A DoorDash driver named Jeffrey Fang was returning to his minivan in San Francisco after completing a delivery last week when he noticed a stranger in his car. After a struggle, he told a local news outlet, another person, an accomplice, got behind the wheel and drove away. Fang’s children, 4 and 1, were still buckled inside.
Four hours later, after a frantic search by neighbors and law enforcement, the minivan was found in another San Francisco neighborhood, with the children safe and unhurt inside.
Fang later told The New York Times that it was hard to find and pay for childcare during the peak dinnertime delivery hours, so he would often bring the kids along with him as he worked for DoorDash. “Most of the people in the gig economy, we’re trying to make it,” he said. “We’re doing what we can, but the odds are stacked against us. It’s not easy. Oftentimes, we have to balance between impossible choices.”
Similar horrifying scenes have played out elsewhere. In January, two Washington, DC, children were kidnapped during a carjacking when a parent left the vehicle to make an Uber Eats delivery. They were also found unhurt. Also in DC, a carjacker who had swiped the vehicle of an Uber Eats driver struck the delivery worker plus a woman and two children on a nearby sidewalk as he tried to drive away.
Across the country, local police departments say carjackings are up. So, too, are home deliveries amid the Covid pandemic. DoorDash announced its first quarterly profit, and Instacart, Uber Eats, Grubhub, and Amazon have all reported record business.
Inevitably, some of those carjackings involve delivery drivers, who sometimes leave their cars running while dropping off food or packages. “We’re seeing carjackings and thefts on the rise nationwide,” Danielle McDonald, a law enforcement liaison for Uber, told reporters at a DC press conference this week.

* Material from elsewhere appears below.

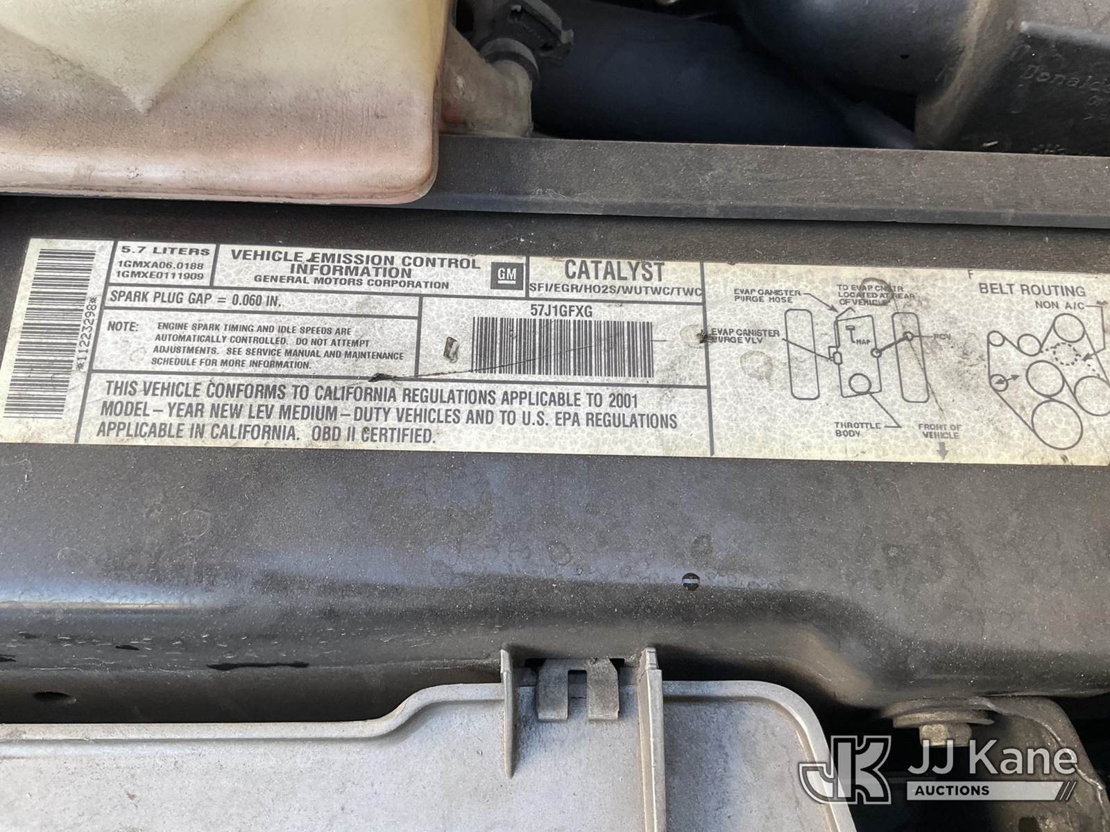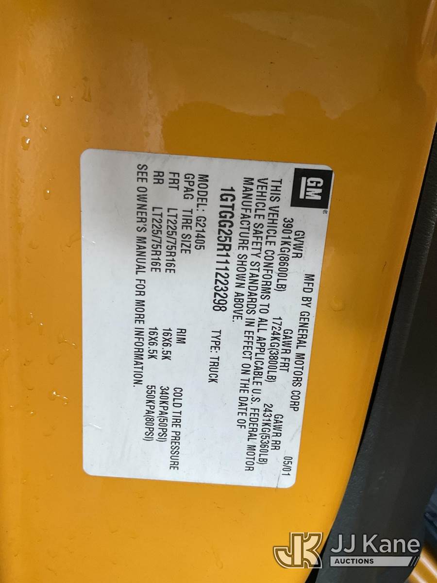 2001 GMC Savana G2500 Cargo Van, 8-cyl gas, Auto, A/C, (Exempt from Odometer Disclosure - Reads 62,441 miles) (Runs & Moves) This is a Titled Item NOTE: This unit is being sold AS IS/WHERE IS via Timed Auction and is located in Jurupa Valley, CA. Inspection & preview days for this unit are the 2 business days prior to the first day of items closing for this auction, item is located at 4510 Muth Way Jurupa Valley, CA 92509 and hours of operations are 8a-4p. For pre-sale questions, please contact please contact Office Staff @ (310) 353-7140. Dealer License Number 45696. (Buyer is responsible for removal. Assistance by consignor or JJ Kane Auctions is not assured.)

No one collects national data on carjackings; local departments often group carjackings with other auto thefts or violent crimes. Grubhub and Uber say they keep track of crimes targeting drivers, but they declined to share any details. Exact numbers, then, are difficult to come by.
But the local figures are dispiriting. Minneapolis police reported 405 carjackings in 2020, more than three times the number in 2019. Police in Louisville, Kentucky, said they saw 30 carjackings in July, compared with four in the same month a year earlier. In Washington, DC, last year, carjackings rose 143 percent, according to local law enforcement. Neighboring Montgomery County, Maryland, issued a warning in January about an uptick in carjackings, many involving people who had left their vehicles running while picking up food deliveries. Oakland, California, police say carjackings rose 38 percent in the city last year, and victims included “delivery and ride-share drivers.”
Chicago carjackings rose by 135 percent in 2020, to 1,415. The Chicago Independent Drivers Guild, an advocacy group for ride-hail drivers, says dozens of Chicago ride-hail and delivery workers have been victimized by carjackers in the last few months. “We are driving around with targets on our backs,” Kevin Nelson, an IDG organizer and ride-hail driver, said in a statement.
Delivery workers are particularly vulnerable to carjacking, and especially right now, says Michael Cherbonneau, a professor of criminology and criminal justice at the University of North Florida who studies street crime. “They’re not from the area, they may not be familiar with it, they may leave their car running to go to drop off packages,” he says. The interruption of routines during the pandemic might make delivery drivers more vulnerable too. There may be fewer people on the street. And many people are wearing masks, so drivers are less alert when a masked person approaches them, giving a potential thief the element of surprise.